EDIT for clarity: If I change the quoted text to just “PO” it does work and pulls back the word “Number.”
The second one just returns a blank value after I modified the {4,8} to {12}.
I think the Index out of range means that “PO Number” was not found, which is why “PO” worked. There could be extra spaces between “PO” and “Number”
If changing {12} gave you blank value then it might be because the number didn’t have 12 characters. I would check and verify that. You can also use {10,12} if the number is between 10 and 12 digits.
EDIT: Also, this goes back to “PO Number” might not be found.
Hope that helps.
If you can provide a small sample of text that isn’t working, I could test it on my end.
I am new to UiPath and I have similar problem. Thanks for the solutions. Its working for me to extract the “CampID” for the below URL. But, if I want to get the “id” what should I do.
“?<=” is a look behind and “?=” is a look ahead, and they will be ignored when it extracts the value. So it pulls everything “(.*)” inbetween those strings. I used “&|$” so it will check for either & or end of line.
Thanks for the support. It works. But, when I am trying to print the output using Message Box, I am able to print only the “id” number. What should I do if I want to print even the “CampID”.
I suggest you have 2 Assigns. One for the id and one for CampID. Unless you want both together as one variable, then you need to remove the .Split(“CampID=” part so it only splits by the “id=”
Yeah, you need to split by the “&CampID=”, and you can do so within the same line of code.
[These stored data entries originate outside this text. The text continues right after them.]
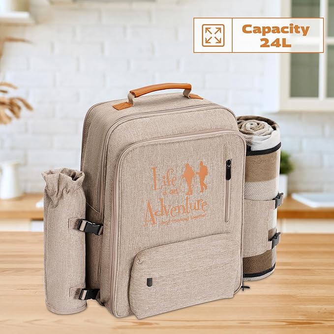 LARGE CAPACITY & WELL EQUIPPED: Size: 12(L)x7.5(W)x16(H) inches, 5.3 lb; The 24L high-capacity picnic backpack big enough to accommodate the ingredients needed for a picnic. Includes a full set of meal preparation tools, thickened waterproof picnic mat, wine bag, and we exclusive gift internal detachable waterproof preservation layer. The bag is made of 600D Oxford fabric and 5mm PE foam and PU layer, which can keep the hot/cold/fresh for hours.
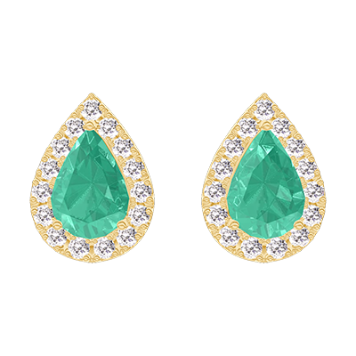 « L'ATELIER » Nº201413Boucles d'oreilles Or jaune 18 carats - Émeraude Poire 0.3 carat (2 X) - Halo Diamant
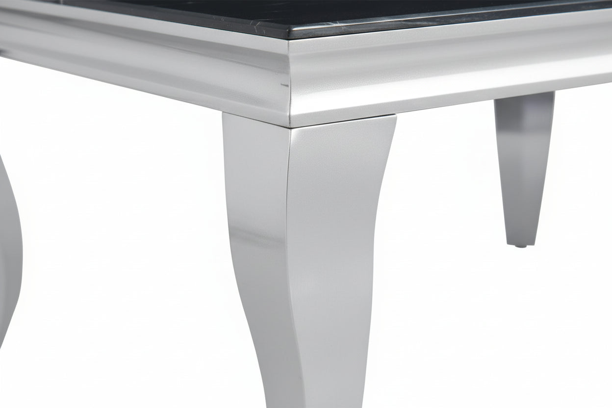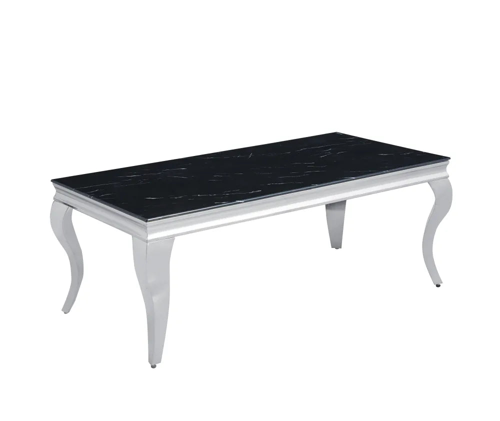 Table Basse Baroque Rectangle Verre Trempé Marbré Noir Pieds Chrome 120x60x45 cm
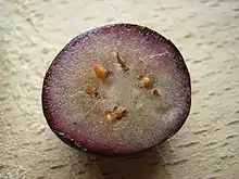 Le bleuet (au Canada[1]) ou bluet[2], est une baie qui pousse sur des arbustes du genre Vaccinium originaires d'Amérique du Nord où on les trouve principalement. Cette baie est proche de celle de la myrtille commune (Vaccinium myrtillus), mais possède toutefois des caractéristiques différentes comme sa coloration, son goût légèrement moins sucré et des propriétés spécifiques[3]. Le bleuet sauvage est de très petite taille tandis que le bleuet cultivé est de plus grande taille.

Look at this for an example: GetCurrentURL.Split({“&CampID=”},System.StringSplitOptions.None)(0).Split({“id=”},System.StringSplitOptions.None)(1).Trim.Split(System.Environment.Newline(0))(0).Trim
Sure no problem. You need to also split it by the next newline character.
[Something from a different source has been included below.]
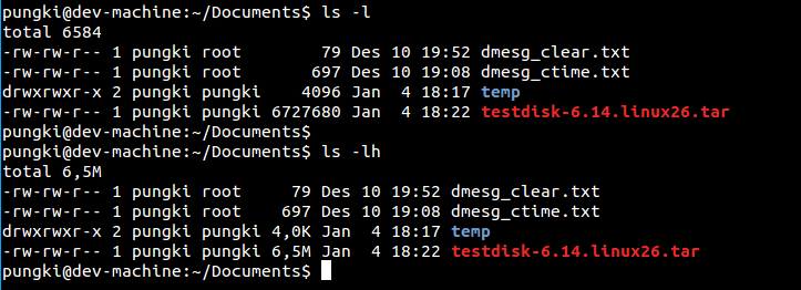 以字节为单位看大小可能会不方便。6.5M读起来比6727680字节更简单。要这么做,我们可以使用-h与-l结合的参数。-h参数意味着便于人识别。

It will look like this: as_PY = word_OUTPUT.Split({"(Previous Year)"},StringSplitOptions.None)(1).Trim.Split(System.Environment.Newline(0))(0).Trim
You can go straight to assigning it to as_PY if you want, since it requires a double split, then take the first item.
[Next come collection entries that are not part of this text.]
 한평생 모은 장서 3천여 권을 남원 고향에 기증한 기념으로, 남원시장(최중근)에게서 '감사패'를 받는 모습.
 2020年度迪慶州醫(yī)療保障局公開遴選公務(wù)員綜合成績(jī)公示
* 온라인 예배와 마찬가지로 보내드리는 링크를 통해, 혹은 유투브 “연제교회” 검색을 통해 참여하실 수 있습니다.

I’ll also provide you with the Regex solution as well.
It will look like this: as_PY = Regex.Match(word_OUTPUT, "(?<=(\(Previous Year\))(.*)$").Value
Hopefully, I did that right
Basically, it uses “?<=” as a look behind and the $ means the end of the line, but I’m not 100% I did that right. If not and it’s something you are interested in, I can get you the correct code (or you can do some searches for ideas).
Message: Index was outside the bounds of the array.
Exception Type: System.IndexOutOfRangeException
An ExceptionDetail, likely created by IncludeExceptionDetailInFaults=true, whose value is:
System.IndexOutOfRangeException: Index was outside the bounds of the array.
at lambda_method(Closure , ActivityContext )
at Microsoft.VisualBasic.Activities.VisualBasicValue1.Execute(CodeActivityContext context) at System.Activities.CodeActivity1.InternalExecuteInResolutionContext(CodeActivityContext context)
at System.Activities.Runtime.ActivityExecutor.ExecuteInResolutionContext[T](ActivityInstance parentInstance, Activity1 expressionActivity) at System.Activities.InArgument1.TryPopulateValue(LocationEnvironment targetEnvironment, ActivityInstance activityInstance, ActivityExecutor executor)
at System.Activities.RuntimeArgument.TryPopulateValue(LocationEnvironment targetEnvironment, ActivityInstance targetActivityInstance, ActivityExecutor executor, Object argumentValueOverride, Location resultLocation, Boolean skipFastPath)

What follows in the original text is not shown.